Mr. Ahuja is a recognized uranium geologist with over 35 years of exploration and management experience in North America, with first-hand knowledge of all major Canadian uranium deposits.

- Peter Arendt - Vice President Engineering & Marketing

Mr. Arendt has over 20 years of experience in mine operations, engineering and coal marketing.

- Donna Mercier - Communications Specialist

President of Mercier Solutions, Ms. Mercier has 15 years experience in public relations, communication and marketing, primarily in Yukon.

- CHF Investor Relations

CHF Investor Relations, of Toronto and Calgary, was retained as the Company's investor relations counsel in August 2005. For more than 40 years, CHF has represented public companies listed on the TSX and TSX Venture exchanges, making it Canada's longest established IR company.

Finance

- Additional funds were raised in July and December via private placement financing.
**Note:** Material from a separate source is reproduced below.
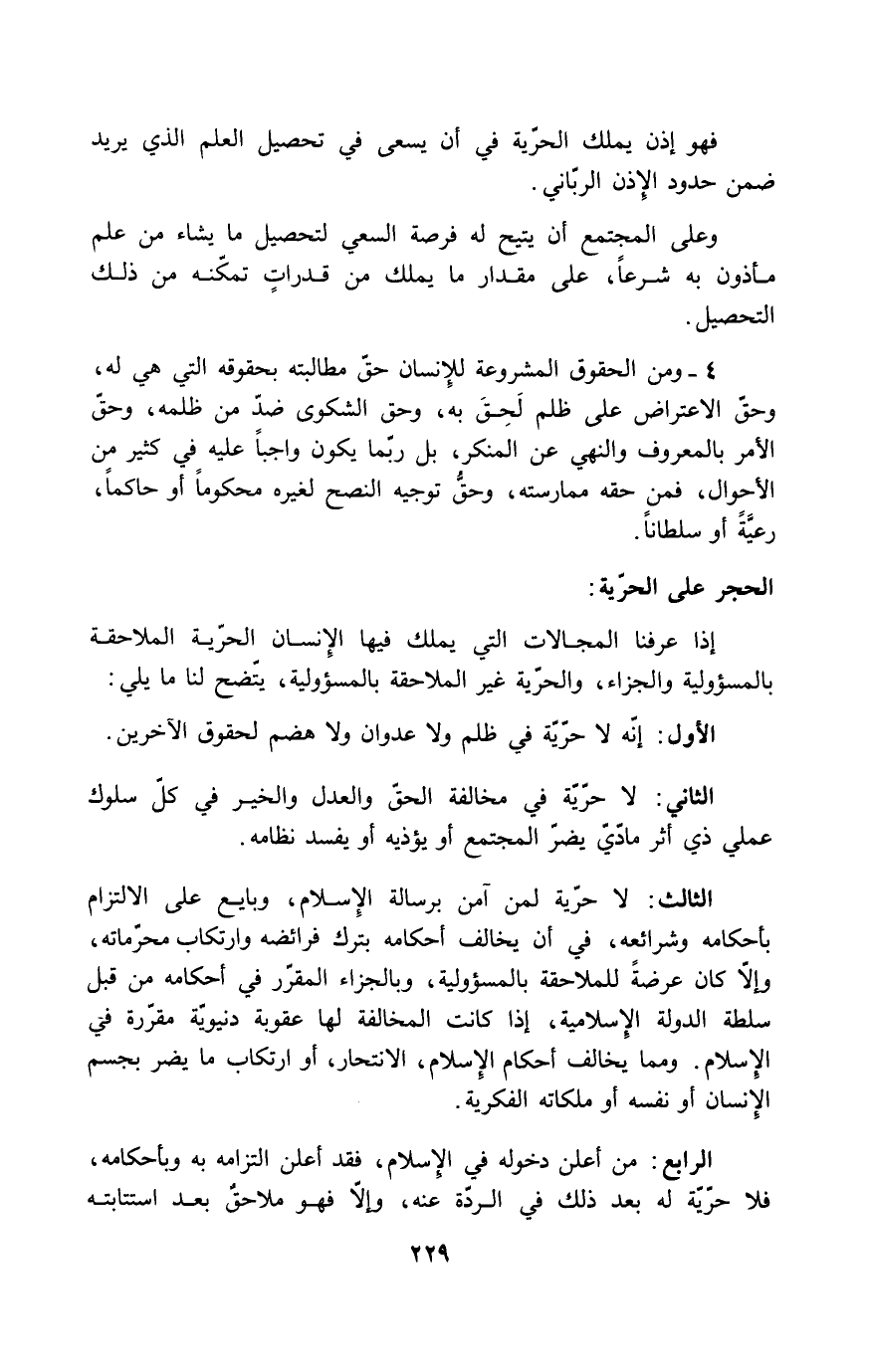 الثالث: لا حرية لمن آمن برسالة الإسلام، وبايع على الالتزام بأحكامه وشرائعه، في أن يخالف أحكامه بترك فرائضه وارتكاب محرماته، وإلا كان عرضةً للملاحقة بالمسؤولية، وبالجزاء المقرر في أحكامه من قبل سلطة الدولة الإسلامية، إذا كانت المخالفة لها عقوبة دنيوية مقررة في الإسلام. ومما يخالف أحكام الإسلام، الانتحار، أو ارتكاب ما يضر بجسم الإنسان أو نفسه أو ملكاته الفكرية.

- Cash Minerals is well funded with no debt, with $10.1 million in the treasury at January 1, 2006.

About Cash Minerals Ltd.

Cash Minerals Ltd. (www.cashminerals.com) is an emerging energy resource company listed on the TSX Venture Exchange under the symbol "CHX" and has approximately 60.0 million shares outstanding. Current activities are primarily focused on the development of its significant base of coal and uranium assets in Yukon.

The Division Mountain Coal Project's five Coal leases measure 776.4 hectares and the 30 Territorial Coal Exploration licenses cover some 360,000 hectares in coal-bearing stratigraphy. The Updated NI 43-101 Report dated December 21, 2005 by qualified person under National Instrument 43-101 T. C. Becker, B.Sc., P.Geo. of Norwest Group (filed with SEDAR on January 10, 2006) confirmed coal resources of 52.5 million tonnes entirely in the Measured category and a feasibility study is nearing completion.

Cash Minerals' Uranium exploration projects boast major stakes in seven quality projects all of which were previously drilled. Four resemble an Olympic Dam-type project, two are modeled after the prolific Rossing Deposit in South Africa and one is testing possible unconformity-related, high grade, vein-and-fracture-controlled uranium mineralization.